Seven months after presenting its strategy on economic security (see EUROPE 13205/7), the European Commission is back with more precise recommendations and roadmaps, accompanied by only one legislative text at this stage. It concerns the revision of the regulation on foreign direct investments (FDI) screening. On Wednesday 24 January, the Commission presented two white papers on export and outbound investment controls. Research and development in critical sectors is also the subject of recommendations (see other news).
Reinforcing foreign investments screening
Although the control and possible restriction of foreign direct investments falls within the competence of the Member States, the European Commission wishes to oblige them to have a screening mechanism.

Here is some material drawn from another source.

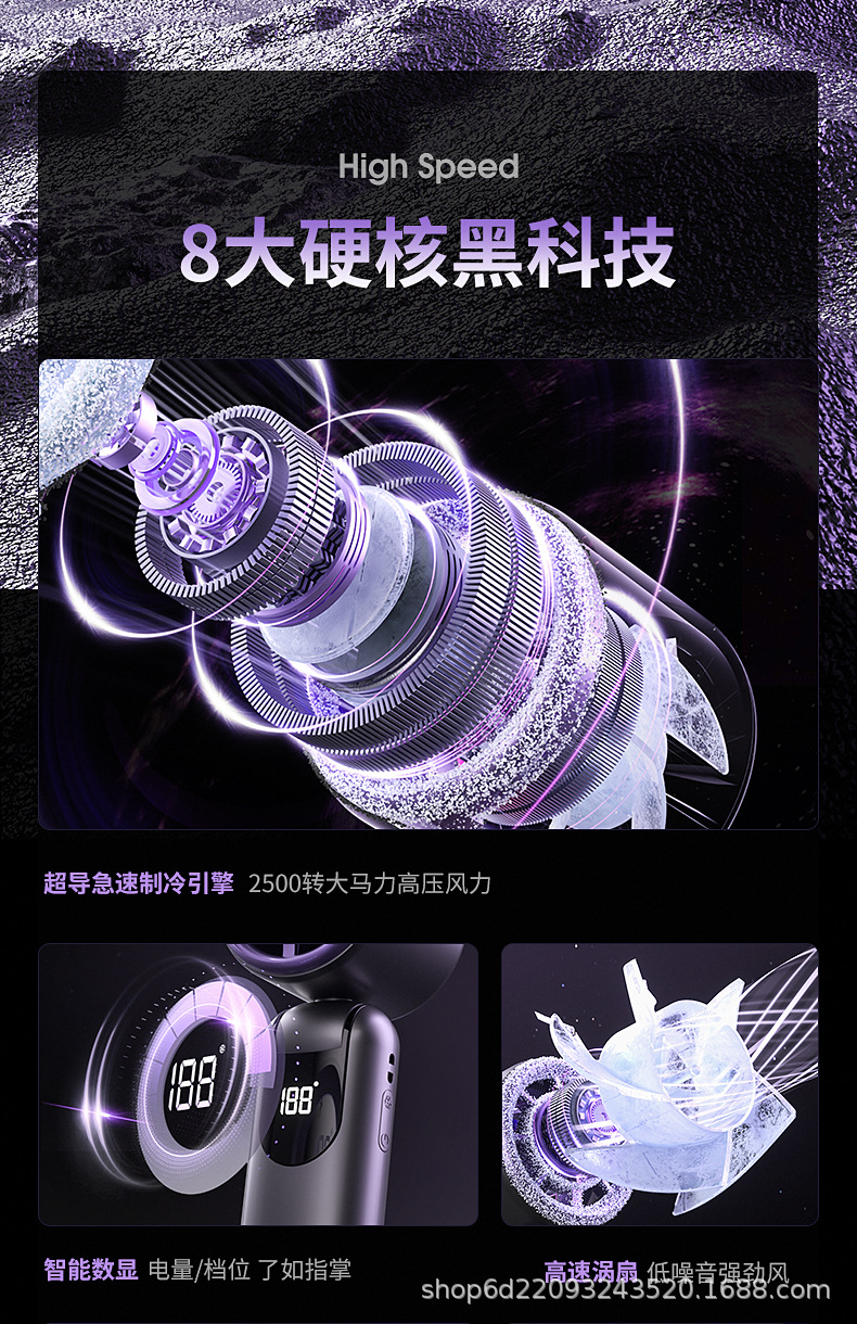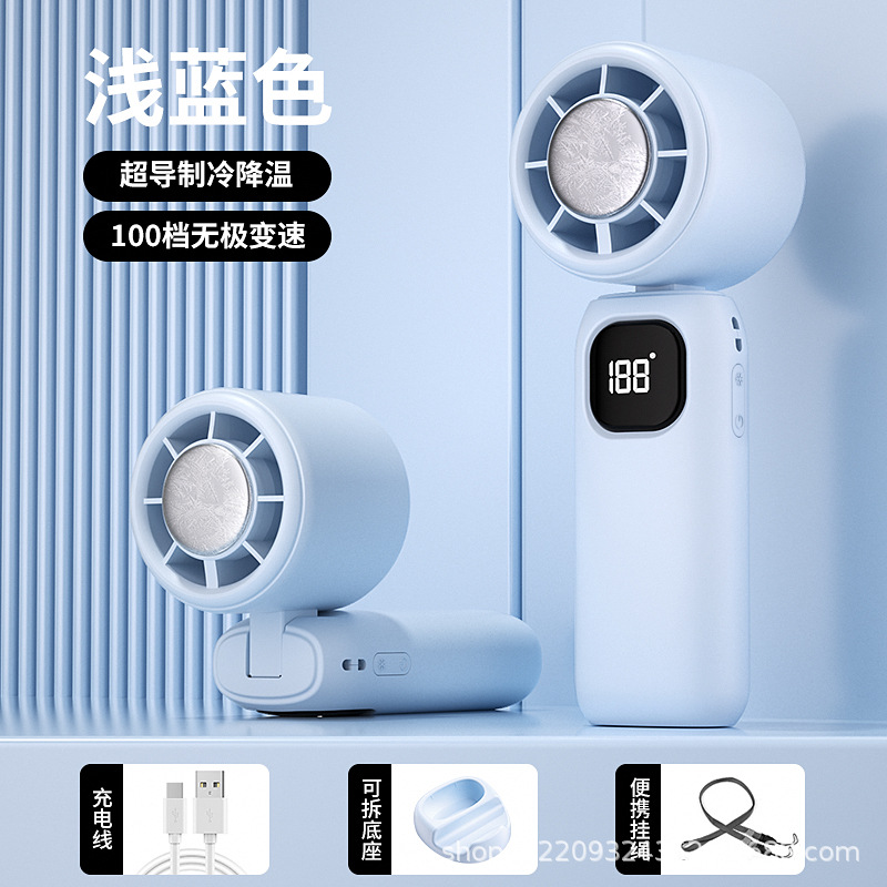 2025新款手持高速跨境涡轮风扇便携折叠数显冰敷制冷大风力小风扇

This is not currently the case, and only 22 countries have such a system (Bulgaria, Croatia, Cyprus and Greece do not, and Ireland is in the process of introducing it).
The revised regulations specify the conditions that these mandatory mechanisms must meet. The authorities in the Member States will, for example, have to impose an authorisation procedure on foreign investments affecting a whole list of programmes or projects “of interest to the Union” (Annex I of the text), as well as those in high-risk sectors, listed in Annex II (dual-use goods, advanced semi-conductors, quantum computing, biotechnologies among other technologies).
For investments that do not fall into the above categories, a posteriori screening should be possible when they may affect public order or security.
Where an investment presents a risk, the authorities in the Member States must have the possibility of imposing mitigating measures, or even prohibiting the operation, according to the Commission's proposal.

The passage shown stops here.